National brain tumour research funding needs to increase to £35 million a year
Meet the supporters stepping into the headlines
As we approach the halfway mark of the 10,000 Steps a Day in February challenge, we are delighted to share that supporters have raised more than £500,000 so far – an incredible amount which will help fund one of our Centres of Excellence for a year.
Among those taking part is Michelle Griffiths, whose 21-year-old son James was diagnosed with a grade 3 oligodendroglioma in November 2020. James underwent surgery, followed by radiotherapy and now faces a 12-month course of chemotherapy. Michelle has raised more than £1,300 and shared her story in The Mirror, Daily Post, Wales on Sunday and North Wales Evening Post, amongst other news websites.

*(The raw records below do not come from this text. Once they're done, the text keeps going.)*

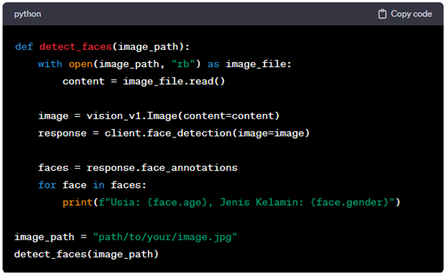 Dalam skrip Python Anda, impor library Vision dan atur kunci API untuk otentikasi. Pastikan untuk menyimpan kunci API dengan aman dan jangan membagikannya secara publik.
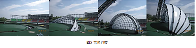 室外表演或?qū)嵕把莩鐾枰蟮奈枧_設(shè)備,提供與演出環(huán)境相適應(yīng)的大型表演舞臺,并根據(jù)演出內(nèi)容進行實時轉(zhuǎn)換。常規(guī)的平移、升降已無法滿足需求,需要平移、旋轉(zhuǎn)、傾斜、升降等運動形式的組合,實現(xiàn)大型舞臺場景的變化。如云南“希夷之大理”的旋轉(zhuǎn)升降組合穹頂翻轉(zhuǎn)技術(shù)的應(yīng)用。其主舞臺由旋轉(zhuǎn)相切的圓形組成,天棚穹頂是舞臺整體眼睛創(chuàng)意的眼珠,翻轉(zhuǎn)升起后可以作為投影幕使用。其中,五瓣穹頂既要相互分離,還要互相支持依靠,保證輕薄球面結(jié)構(gòu)的整體穩(wěn)定和變形控制,采用主次骨架結(jié)構(gòu)、同軸旋轉(zhuǎn)、液壓頂推、滾動支撐、分離掛鉤等方法,實現(xiàn)穹頂翻轉(zhuǎn),如圖5所示。采用同心軌道、多點浮動鏈輪驅(qū)動、虛擬圓心定位、電纜滑車供電、液壓系統(tǒng)隨動等方式,實現(xiàn)大型圓弧轉(zhuǎn)臺的360°旋轉(zhuǎn);采用自主液壓同步控制軟件,有效解決了不同液壓驅(qū)動設(shè)備的同步問題,穩(wěn)態(tài)同步控制精度小于5 mm。
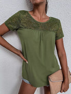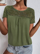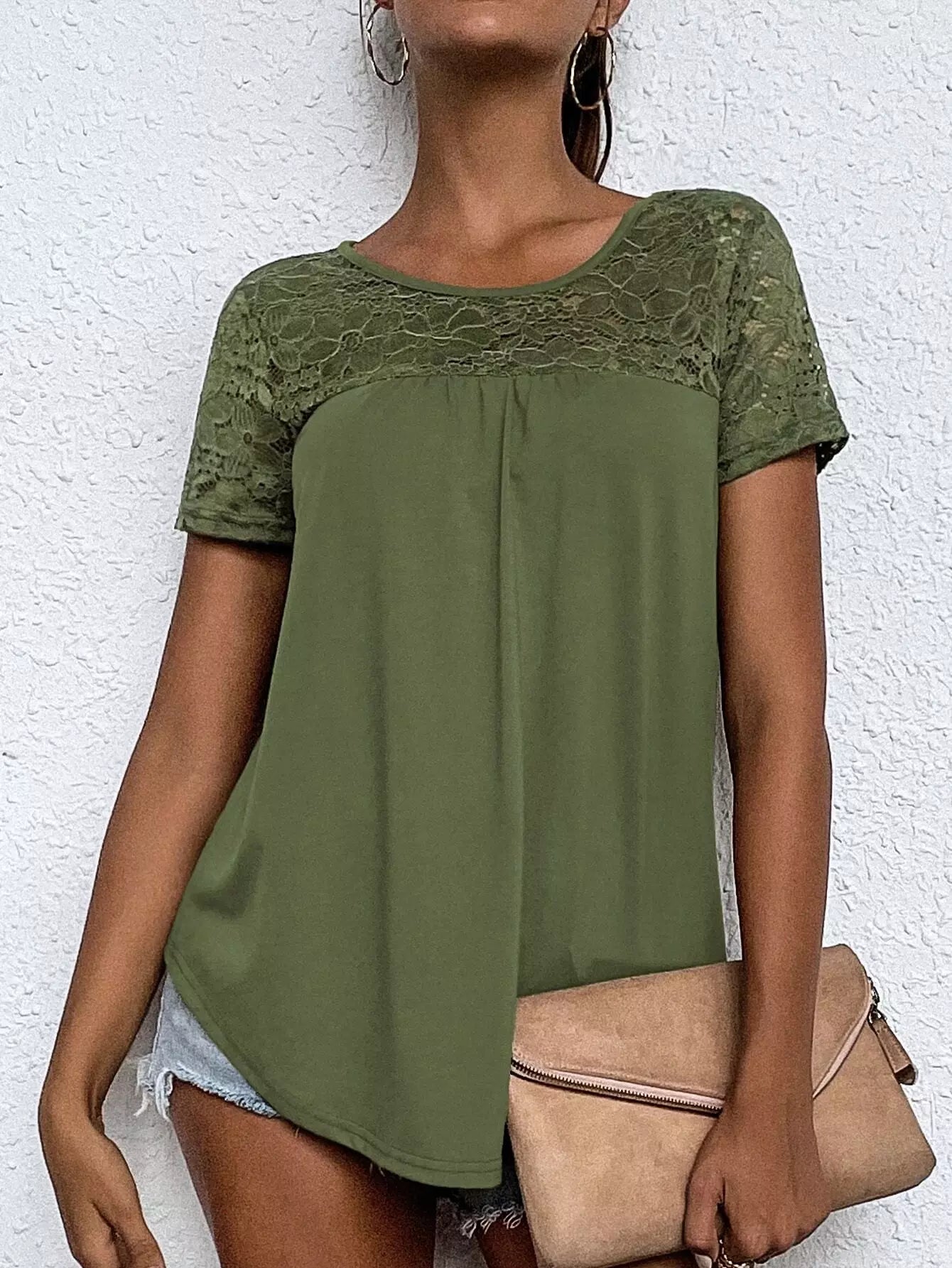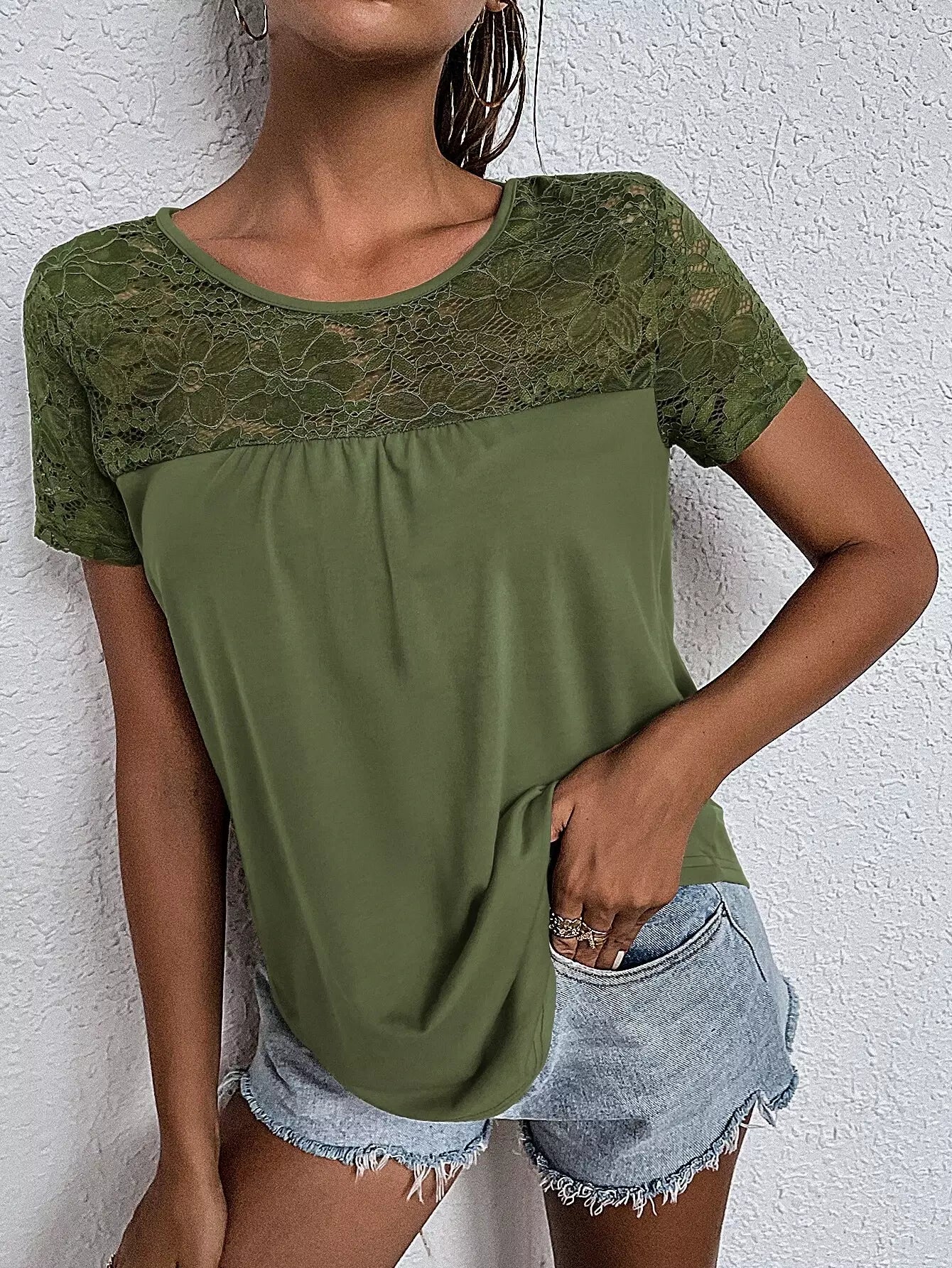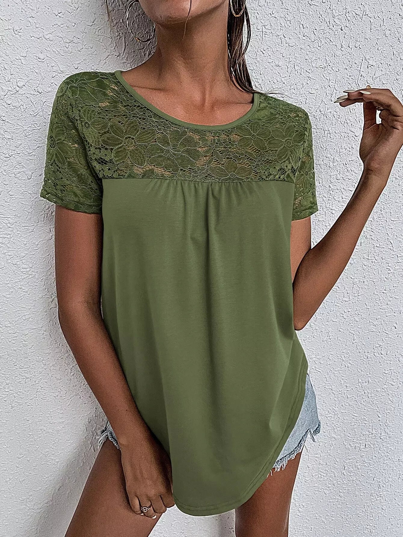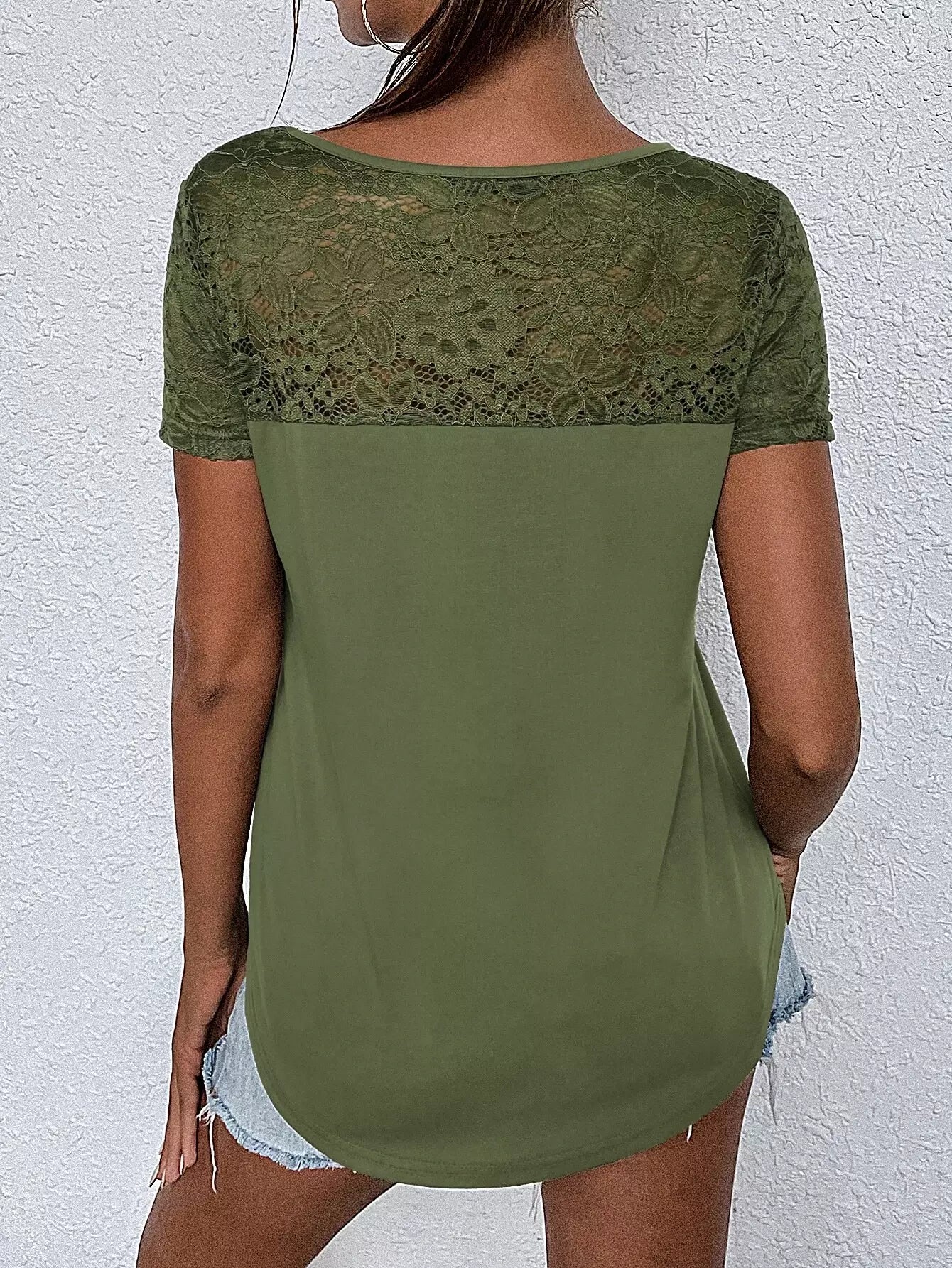 تي شيرت بحافة منحنية من الدانتيل بلون مغاير

Also taking on the challenge is 10-year-old Charlie Clayton, who was diagnosed with a craniopharyngioma brain tumour in March last year. Having undergone surgery and proton beam therapy, Charlie has already raised nearly £700 – double what he had hoped. The story of his challenge has been printed in his local paper and online in the Worthing Herald, West Sussex Today, Shoreham Herald and Littlehampton Gazette.

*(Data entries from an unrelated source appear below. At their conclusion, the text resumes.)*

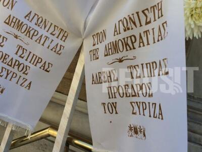 Στεφάνια μεταξύ άλλων έχουν στείλει ο πρόεδρος του ΣΥΡΙΖΑ, Αλέξης Τσίπρας, ο Βαρδής και η Μαριάννα Βαρδινογιάννη, ο Κωνσταντίνος Μητσοτάκης, η διπλωματική αντιπροσωπεία της Παλαιστίνης και η Κ.Ο. του ΠΑΣΟΚ.
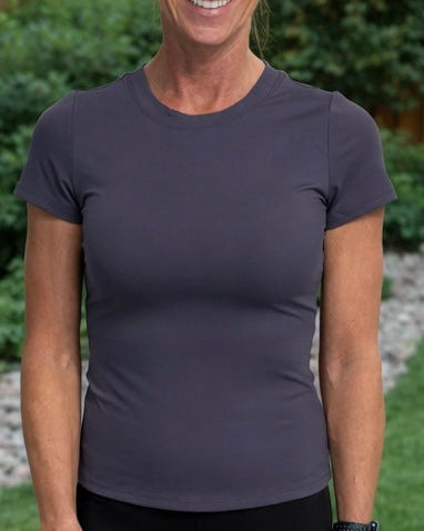 This is one of those tees you don’t realize you need until you put it on. The Apex Tee has a smooth, second-skin feel with a snug, flattering fit that hugs your body without feeling restrictive.
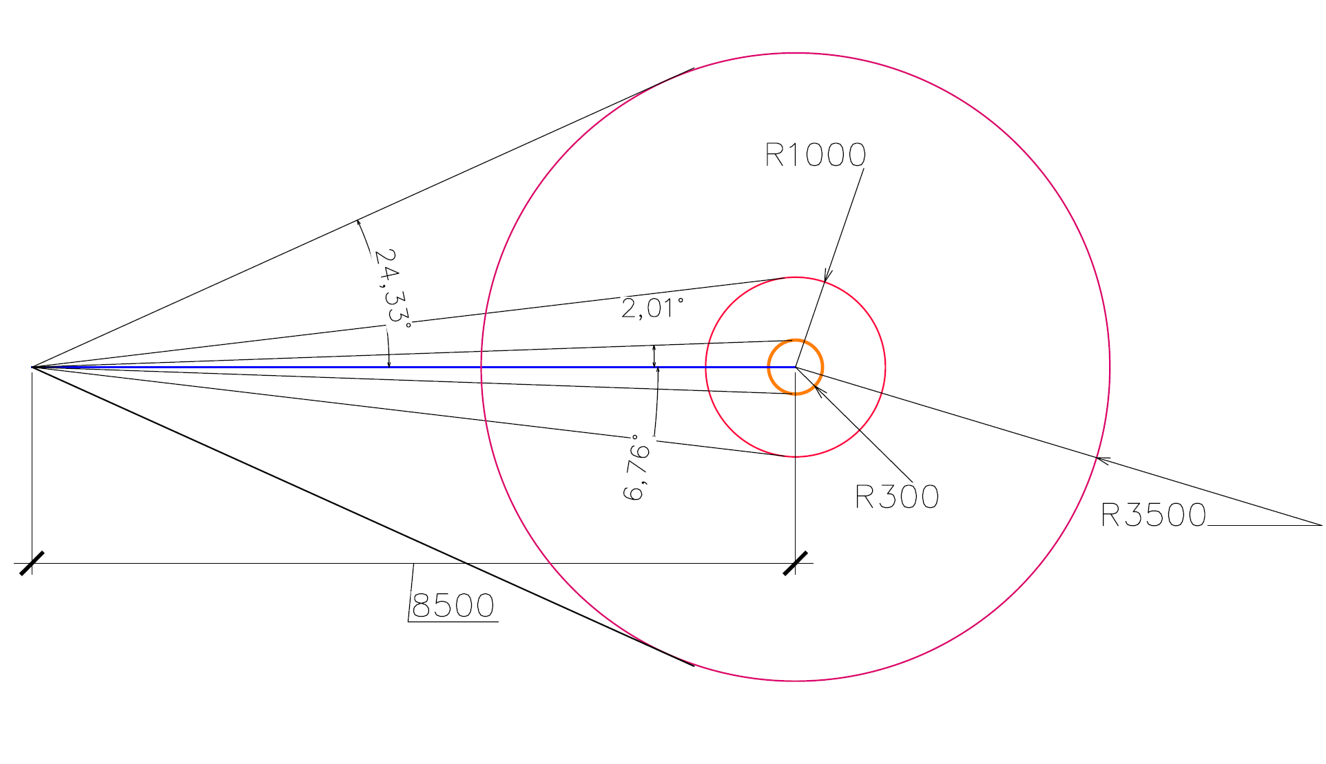 Этот раздел носит графический характер и помогает визуализировать информацию о расположении ГЦ в сидерической системе (рисунок 3). Отдельно необходимо обратить внимание, что также отражены границы активной части Бладжа с радиусом 1000 парсек и наблюдаемой астрономами с радиусом 3500 парсек. Углы границ, при взгляде с Земли на ГЦ, приняты в соответствии со схемой (рисунок 4). Если практикующий читатель пользуется астрологическими программами, например Zet версии 9.2.29, то ГЦ расположен в районе звездных туманностей М6 и М7. (рисунок 3)

Shocked to discover how underfunded research into brain tumours is, the family of Roger Hawkins are walking in memory of their beloved husband, dad and grandad and have shared their story in the West Sussex County Times, Mid Sussex Today and Crawley and Horley Observer. Roger was diagnosed with a glioblastoma multiforme (GBM) and passed away in September 2020. His wife, Diane, daughter Lauren Garner and granddaughter Ella are raising vital funds in his memory.